> **Exercise**
Look through the entries below for the line with "Are you interested" and the line with "Cielos nubosos en", then give again exactly those two lines and all lines between them, minus the pictures.

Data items
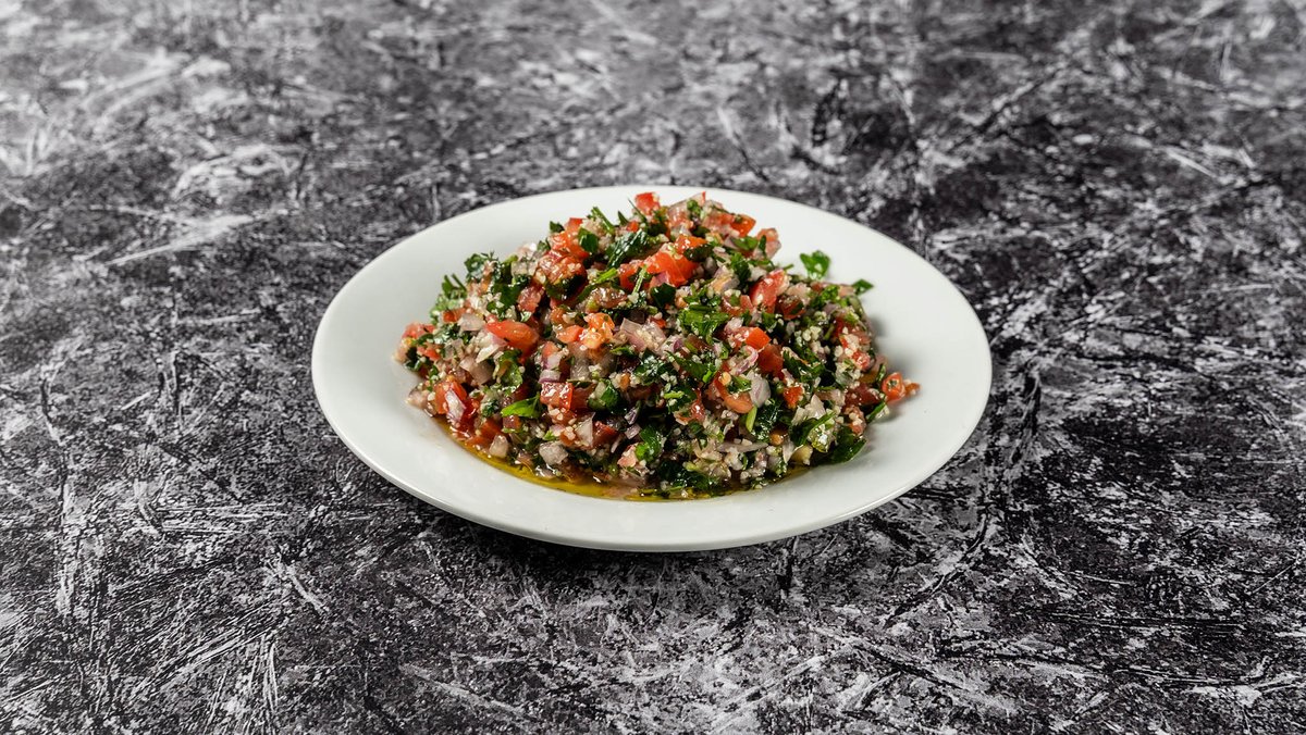 Πατάτα, ντομάτα, κρεμμύδι, τζατζίκι. Συνοδεύεται από μίνι πίτα
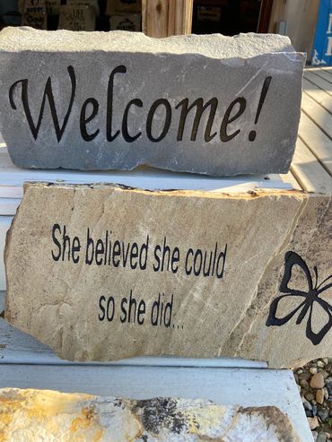 Are you interested in a stone with your name on it? Or how about a stone engraved with your business or cabin logo? Maybe a pet memorial? Come place your custom order while you camp or shop from the many stones I have on sight.
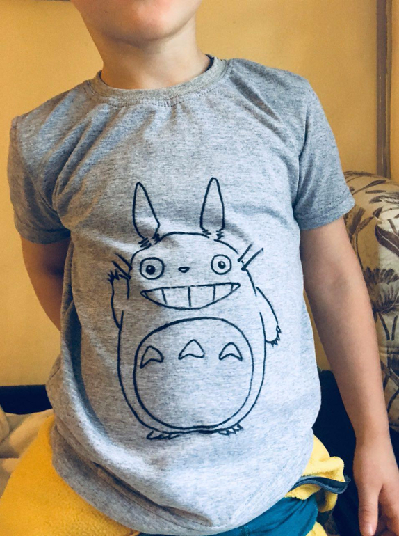 4. Футболка с тоторо для Савы. Размер 110. Рисунок маркерами по текстилю
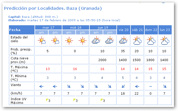 Cielos nubosos en el litoral tendiendo a poco nubosos durante la tarde; cielos poco nubosos o despejados en el resto. Probables bancos de niebla matinales en la cuenca del Genil. Temperaturas sin cambios, con heladas débiles nocturnas. Vientos variables flojos en el interior; de componente Este moderados en el litoral disminuyendo a flojos a última hora.
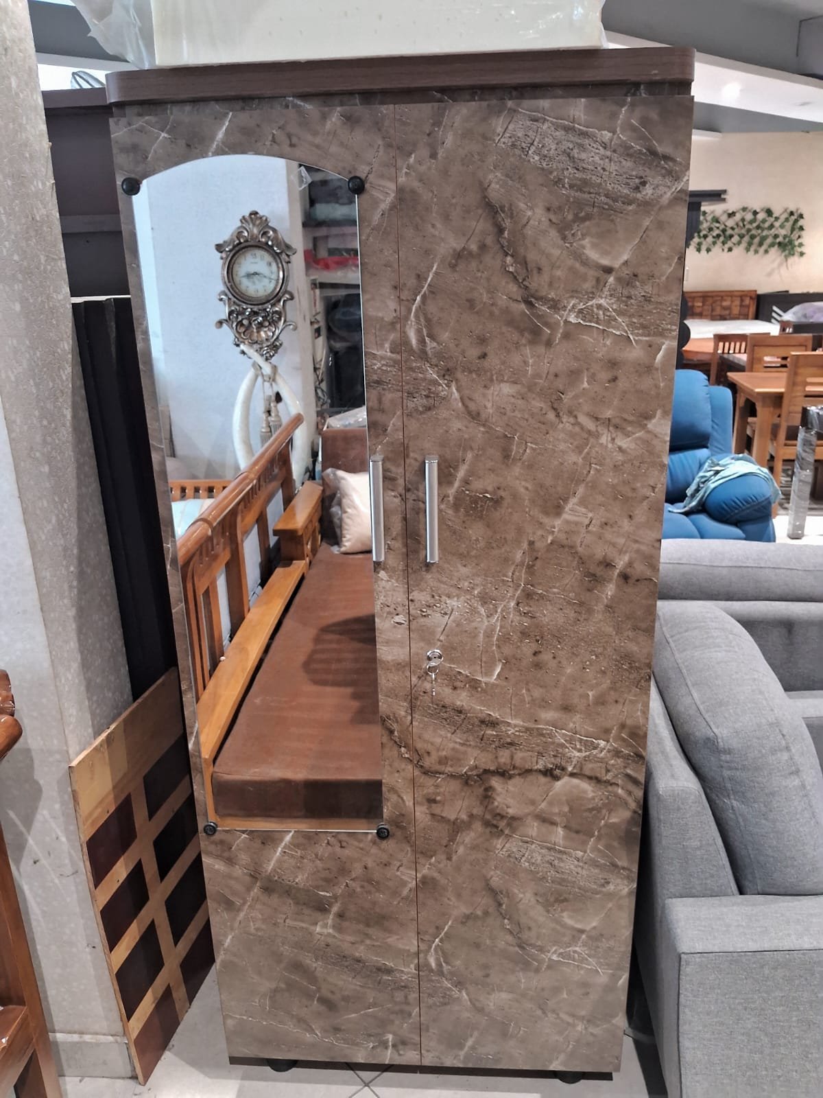 The Elegance Marble 2-Door Wardrobe is a stylish and functional storage solution that combines elegance with practicality. Crafted from high-quality materials, this wardrobe features sleek marble-like doors with a warm, earthy tone and natural veining, adding a touch of sophistication to any room. The silver handles provide a modern contrast, enhancing its overall aesthetic appeal. This versatile piece offers ample storage space for organizing clothing, accessories, or other essentials, making it an ideal choice for bedrooms or living spaces. With its premium quality and eco-friendly materials, the Elegance Marble Wardrobe is both durable and sustainable, ensuring long-lasting beauty and performance.

> **Worked solution**
 Are you interested in a stone with your name on it? Or how about a stone engraved with your business or cabin logo? Maybe a pet memorial? Come place your custom order while you camp or shop from the many stones I have on sight.
 4. Футболка с тоторо для Савы. Размер 110. Рисунок маркерами по текстилю
 Cielos nubosos en el litoral tendiendo a poco nubosos durante la tarde; cielos poco nubosos o despejados en el resto. Probables bancos de niebla matinales en la cuenca del Genil. Temperaturas sin cambios, con heladas débiles nocturnas. Vientos variables flojos en el interior; de componente Este moderados en el litoral disminuyendo a flojos a última hora.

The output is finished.